What you need to do>
Output only the lines from the line holding "Here are the" through the close of the records, exactly as they appear, with all pictures omitted.

Stored items>
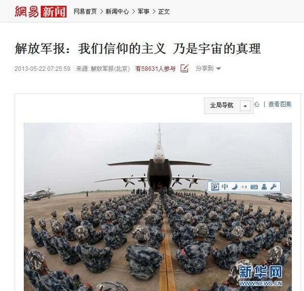 5月22日,解放军报发表评论文章《中国梦的自信在哪里》,文章提到“中国梦以信仰为魂、自觉为根”,面对复杂多变的国际环境、艰巨的国内改革任务、党所面临的严峻考验,我们仍要对中国梦充满自信,那是因为我们笃信“我们信仰的主义,乃是宇宙的真理”。这篇文章被各大门户网转载时,将标题修改为《我们信仰的主义 乃是宇宙的真理》,文章在受到大量转发的同时,也遭到网友犀利吐槽,许多网友都表示这种文风颇有向朝鲜看齐的架势。
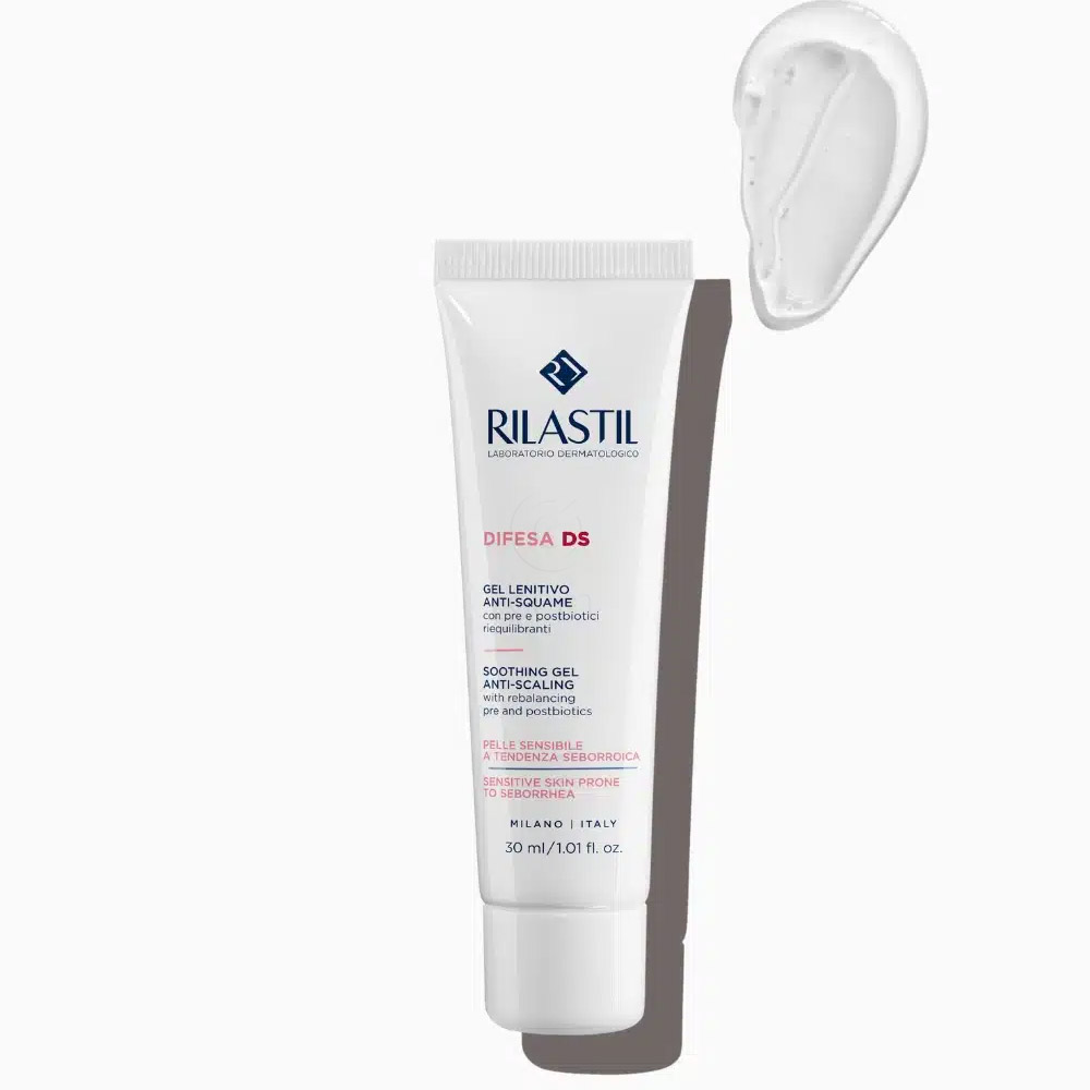 Rilastil Difesa DS pomirjujoč gel je lahek in hitro vpojnen, primeren za občutljivo kožo, nagnjeno k seboreji. Pomaga zmanjšati odvečni sebum, luščenje, srbenje in rdečico na koži in lasišču. Formulacija Rilastil temelji na visoko inovativni PB tehnologiji, ki vključuje prebiotike in postbiotike za ohranjanje ravnovesja mikrobiote kože. Kožo pušča mehko in suho. Oftalmični aplikator omogoča natančno nanašanje na prizadeta območja.
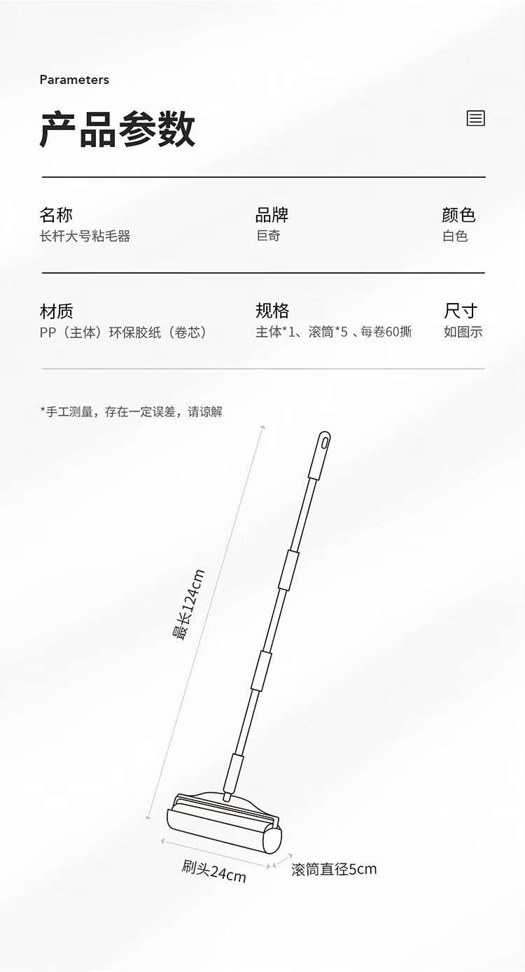 巨奇24cm粘毛器套装(新老包装随机发货)(单位:套) 白色,24cm加长杆滚筒+7卷420撕
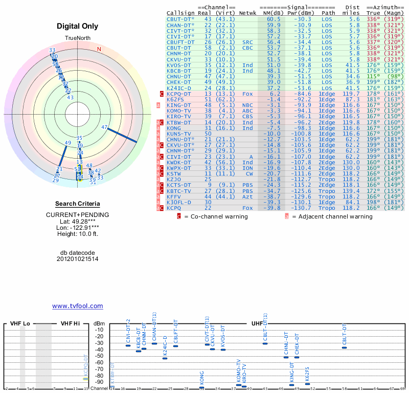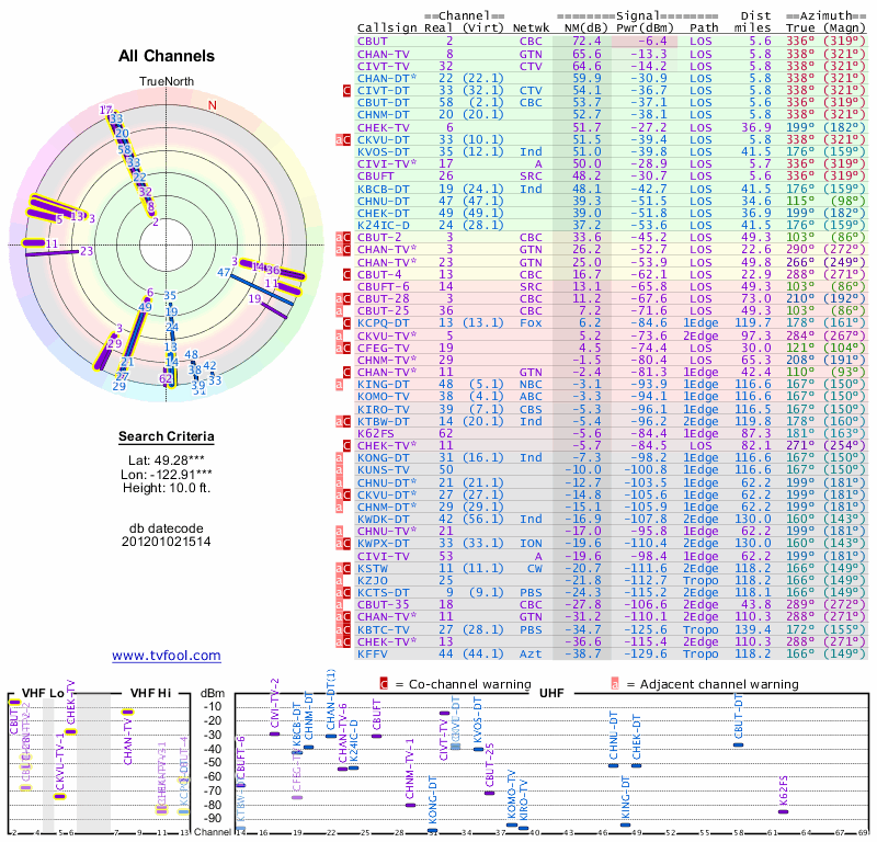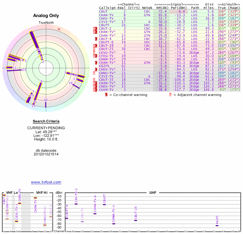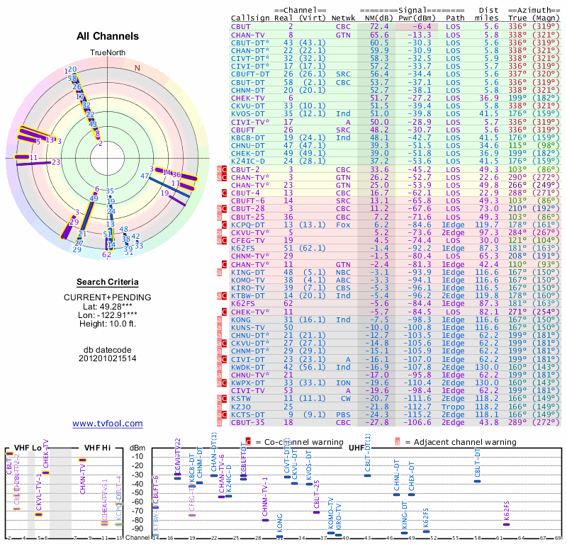 Here are the results for your location. The transmitter database was last updated on June 7, 2013. For more information about these plots and how to interpret them, please check out the Signal Analysis FAQ.
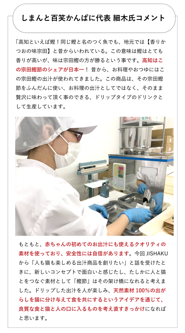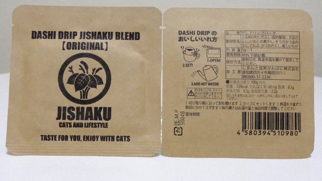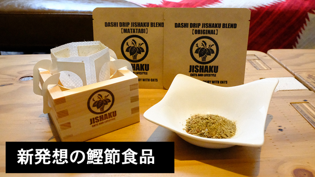高知産の鰹節を使った「DASHI DRIP JISHAKU BLEND」は人だけではなく、猫もともに楽しめる新しい食の提案です。塩・化学調味料・食品添加物不使用で、天然素材だけでつくられています。もちろん猫に害がある素材は一切使用していません。高品質な高知県産の鰹節粉末をベースとしたブレンド出汁は、人が美味しく楽しめることはもちろん、ホッと一息つきたいときの健康的な飲み物としてお召し上がりいただけます。
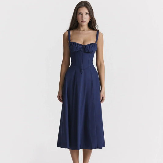 Dress for Women - Midi Satin - Corset Top - A-line Fit - Sweetheart Neckline
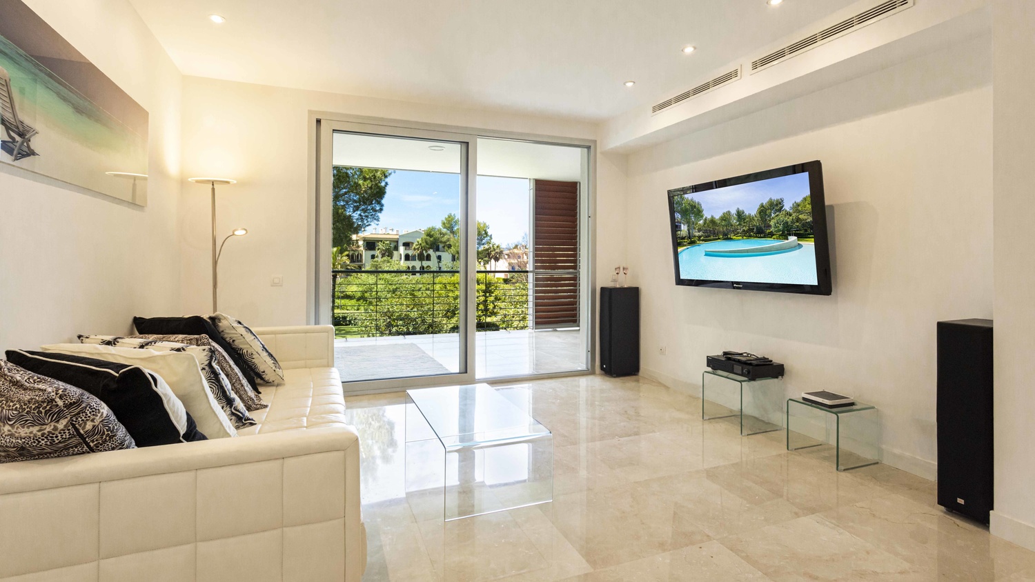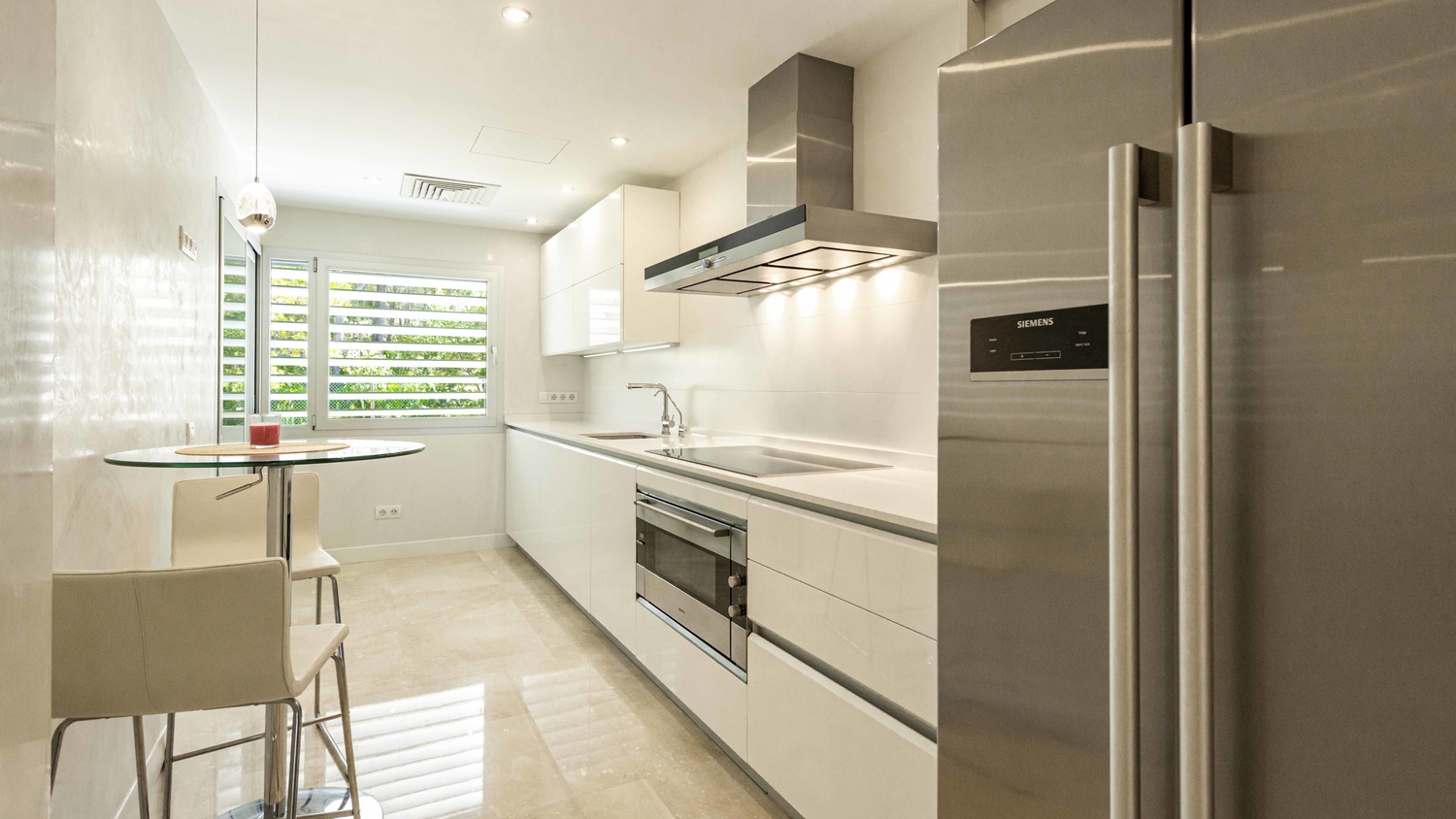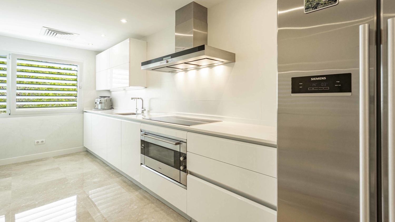 Entrance area with hallway, fully equipped luxury kitchen, large living room with dining area and access to a very nice terrace with views of the garden and pool.

Finished exercise>
 Here are the results for your location. The transmitter database was last updated on June 7, 2013. For more information about these plots and how to interpret them, please check out the Signal Analysis FAQ.
高知産の鰹節を使った「DASHI DRIP JISHAKU BLEND」は人だけではなく、猫もともに楽しめる新しい食の提案です。塩・化学調味料・食品添加物不使用で、天然素材だけでつくられています。もちろん猫に害がある素材は一切使用していません。高品質な高知県産の鰹節粉末をベースとしたブレンド出汁は、人が美味しく楽しめることはもちろん、ホッと一息つきたいときの健康的な飲み物としてお召し上がりいただけます。
 Dress for Women - Midi Satin - Corset Top - A-line Fit - Sweetheart Neckline
 Entrance area with hallway, fully equipped luxury kitchen, large living room with dining area and access to a very nice terrace with views of the garden and pool.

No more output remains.